EXERCISE GOAL:
Repeat the listing exactly as given, omitting every image.

[AVAILABLE DATA — start]

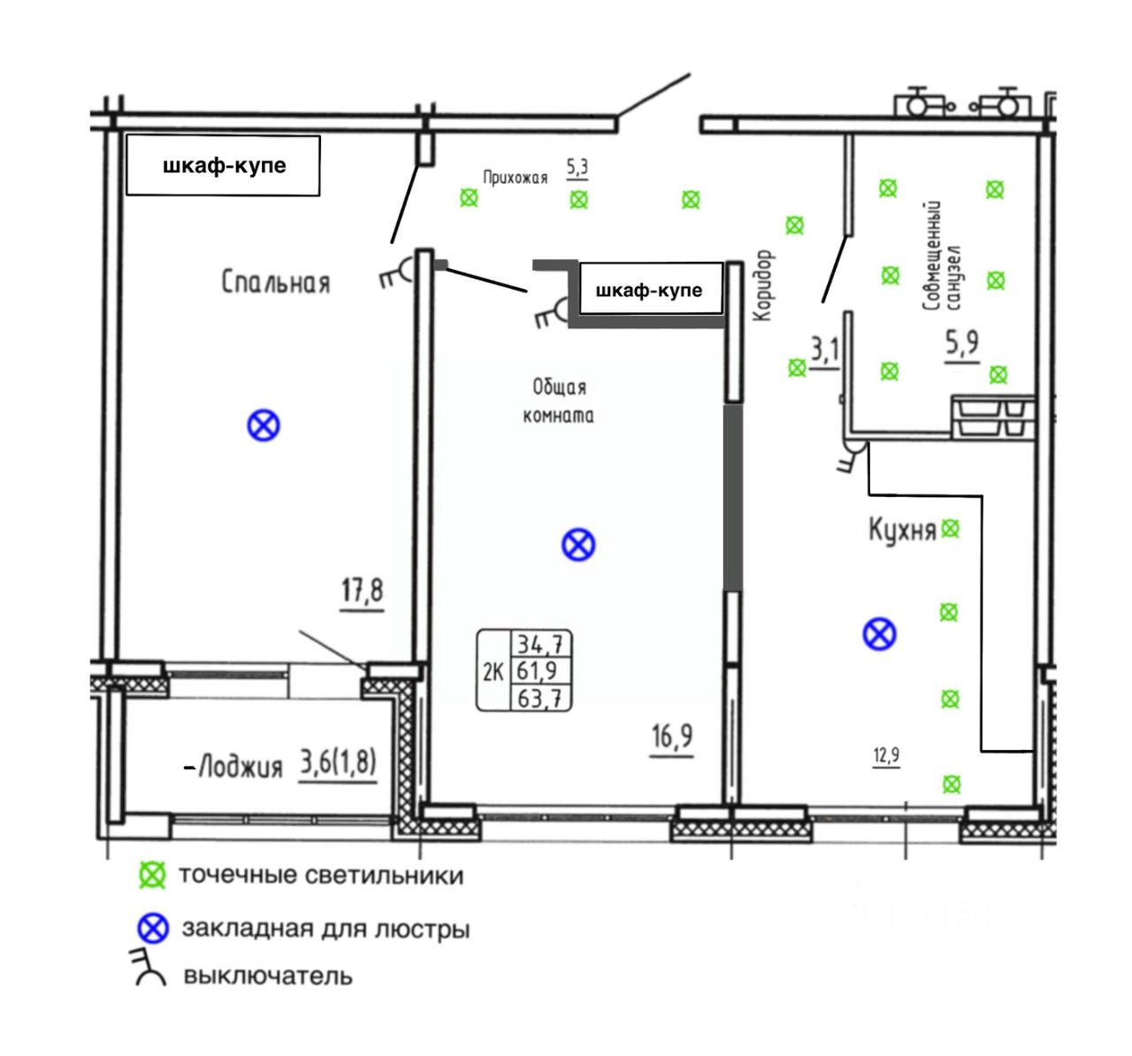 Общая площадь63,7 м²
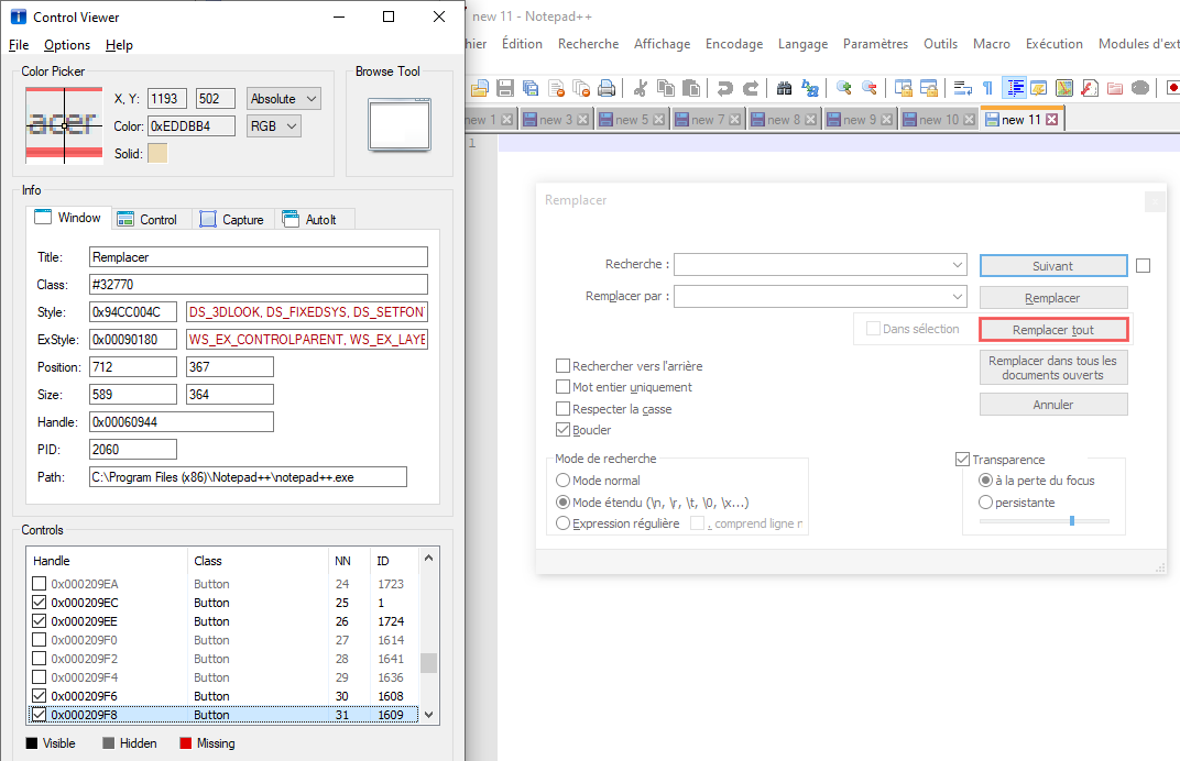 Mon souci se situe sur NP++. Quand je lance un Ctrl Shift R, j'ai bien la bonne fenêtre de recherche. J'arrive à renseigner les champs Recherche, Remplacer par, Filtres, Dossier mais ensuite, je n'arrive pas à me positionner sur le bouton Remplacer tout. Autoit Window Info ne le voit pas et si je l'attaque avec :
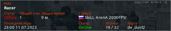 Играет на Counter Strike 1.6 сервере. Страна: РоссияПервый раз замечен 19:47 08.06.2023
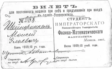 - Студенческий билет Моисея Шейнфинкеля
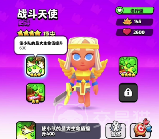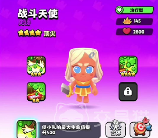 当战斗天使变成了三星的时候,他的属性加成可以提高到600点,这时候整个队伍的坦度将会得到很明显的提升。而战斗天使要是到了4星打开宝箱之后,他能够给小队的成员回复生命值达到700点,一旦合体之后就会高达1750点。不得不说这样的战斗力是毋庸置疑的。
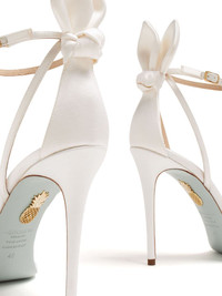 Bow Tie 105mm leather sandals Highlights - White - Calf leather - Satin finish - Bow detailing - Buckle-fastening ankle strap - Leather outsole with gold-tone logo plaque Made in Italy Composition Outer: Satin 100% Lining: Calf Leather 100%, Satin 100% Sole: Calf Leather 100% SIZE & FIT Measurement HEEL 4.13 in(10.5 cm)

[AVAILABLE DATA — finish]

EXPECTED ANSWER:
 Общая площадь63,7 м²
 Mon souci se situe sur NP++. Quand je lance un Ctrl Shift R, j'ai bien la bonne fenêtre de recherche. J'arrive à renseigner les champs Recherche, Remplacer par, Filtres, Dossier mais ensuite, je n'arrive pas à me positionner sur le bouton Remplacer tout. Autoit Window Info ne le voit pas et si je l'attaque avec :
 Играет на Counter Strike 1.6 сервере. Страна: РоссияПервый раз замечен 19:47 08.06.2023
 - Студенческий билет Моисея Шейнфинкеля
 当战斗天使变成了三星的时候,他的属性加成可以提高到600点,这时候整个队伍的坦度将会得到很明显的提升。而战斗天使要是到了4星打开宝箱之后,他能够给小队的成员回复生命值达到700点,一旦合体之后就会高达1750点。不得不说这样的战斗力是毋庸置疑的。
 Bow Tie 105mm leather sandals Highlights - White - Calf leather - Satin finish - Bow detailing - Buckle-fastening ankle strap - Leather outsole with gold-tone logo plaque Made in Italy Composition Outer: Satin 100% Lining: Calf Leather 100%, Satin 100% Sole: Calf Leather 100% SIZE & FIT Measurement HEEL 4.13 in(10.5 cm)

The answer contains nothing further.